Another good way to learn the alphabet is to memorize a special rhyme. It is very short, but it will help to know every letter by heart:

Do you know your ABC?

You can learn along with me!

A, B, C, D, E, F, G,

H, I, J, K,

L, M, N, O, P U, V,

W, X, Y and Z

Now, I know my ABC's.

Next time won't you sing with me?

And the last piece of advice. Divide all letters into three large groups and learn them in three stages: the first group is 6 vowels: Aa, Her, Ii, Oo, Uu, Yy. Do not forget about transcription and remember that in English vowels can change their sound depending on the type of syllables, stress and other conditions; the second group of letters includes those that are written and pronounced similarly to Russian letters. They are easy to remember: Bb, Cc, Dd, Kk, Ll, Mm, Nn, Pp, Ss, Tt, Xx; the third group consists of those letters that sound and are written unfamiliar to native Russian speakers: Ff, Gg, Hh, Jj, Qq, Rr, Vv, Ww, Zz.

Methods and techniques for memorizing the English alphabet

There are many ways to learn the English alphabet from scratch that are suitable for both adults and children.

The most popular way to learn the English alphabet is through tables. You can print the English alphabet tables from this article or search for others: English alphabet by numbers; English alphabet with numbering of letters, etc. Hang them over your desk and browse and read aloud whenever you have a free moment. The main thing is to memorize the alphabet with the pronunciation of sounds.

One of the most effective ways is to make colored cards with the letters and words that begin with them and post them in a prominent place. These cards can be made by yourself or bought in the store. It is better to use well-known words, for example, the names of animals.
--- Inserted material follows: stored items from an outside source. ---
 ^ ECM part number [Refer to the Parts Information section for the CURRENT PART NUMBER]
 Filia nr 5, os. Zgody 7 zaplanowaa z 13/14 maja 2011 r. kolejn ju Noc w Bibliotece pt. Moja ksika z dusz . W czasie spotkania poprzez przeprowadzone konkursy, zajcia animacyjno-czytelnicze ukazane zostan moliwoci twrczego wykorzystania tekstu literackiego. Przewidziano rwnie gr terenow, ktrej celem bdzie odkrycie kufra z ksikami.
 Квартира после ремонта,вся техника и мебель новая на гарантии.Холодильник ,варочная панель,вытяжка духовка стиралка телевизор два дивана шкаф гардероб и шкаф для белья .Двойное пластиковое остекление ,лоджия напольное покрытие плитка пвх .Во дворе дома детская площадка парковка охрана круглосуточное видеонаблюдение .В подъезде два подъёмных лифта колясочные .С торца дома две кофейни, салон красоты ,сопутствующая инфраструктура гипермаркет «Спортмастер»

You can train with special exercises, for example, this one: get a special notebook and write letters in it several lines at a time - both uppercase and lowercase letters of the English alphabet. And when writing, dictate to yourself aloud the name of the letter. This exercise includes all three main types of memory: auditory, visual and motor.
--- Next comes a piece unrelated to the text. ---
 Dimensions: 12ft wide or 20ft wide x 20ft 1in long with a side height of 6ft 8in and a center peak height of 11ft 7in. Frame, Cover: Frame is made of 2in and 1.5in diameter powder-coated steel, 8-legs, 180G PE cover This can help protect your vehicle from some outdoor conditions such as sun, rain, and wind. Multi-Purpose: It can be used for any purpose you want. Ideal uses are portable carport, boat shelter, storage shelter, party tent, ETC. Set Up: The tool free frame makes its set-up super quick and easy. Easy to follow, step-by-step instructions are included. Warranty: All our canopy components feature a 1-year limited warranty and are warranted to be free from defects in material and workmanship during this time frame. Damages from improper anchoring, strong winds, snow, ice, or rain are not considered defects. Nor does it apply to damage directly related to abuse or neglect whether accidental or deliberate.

Don't forget about games that will help you learn the English alphabet. For example, Spell the word or “Spell the word” - whoever spells it wrong first loses. And you can also read the alphabet at speed, write letters correctly by ear, pronounce the letters written on the card, and so on. The audio alphabet of the English language with pronunciation has proven itself well. A student can independently master the letters and sounds just by listening to the recording. The main thing is to be systematic.

Interesting facts about the English alphabet

Learning the sounds and letters of the English language will be more fun if you know a few interesting facts about the alphabet:

  1. The English alphabet can be called by its first letters "ABC";
  2. The English word alphabet comes from the Latin alphabet, where alpha and beta were the first letters of the alphabet. But even before the Latin alphabet, they were the first letters of the Phoenician alphabet (alef and bet), which arose in 1050 BC. e.
  3. The article the is the most common word in the English language.
  4. The most common letter in the English alphabet is E, and the most common consonant is T. The letters S and T are most common at the beginning of English words. The rarest letters in the alphabet are Q and Z.
  5. There are only 5 vowels in English and as many as 20 vowels! For example, the letters Y and W can be pronounced as vowels (try, my, cow, few). The same letter can be read in several ways, for example, in the words cat [kæt], place [pleis], dark [daːk], air [ɛə].
  6. All 26 letters of the English alphabet can be put into a sentence or pangram that shows how each letter of the font will look like: "The quick brown fox jumps over the lazy dog" (loosely translated: "The quick brown fox jumps over the lazy dog." English analogue - "Eat some more of these soft French rolls and drink tea").


English speakers remember their alphabet much more often than Russian speakers, because in English the pronunciation of a word often does not match its spelling.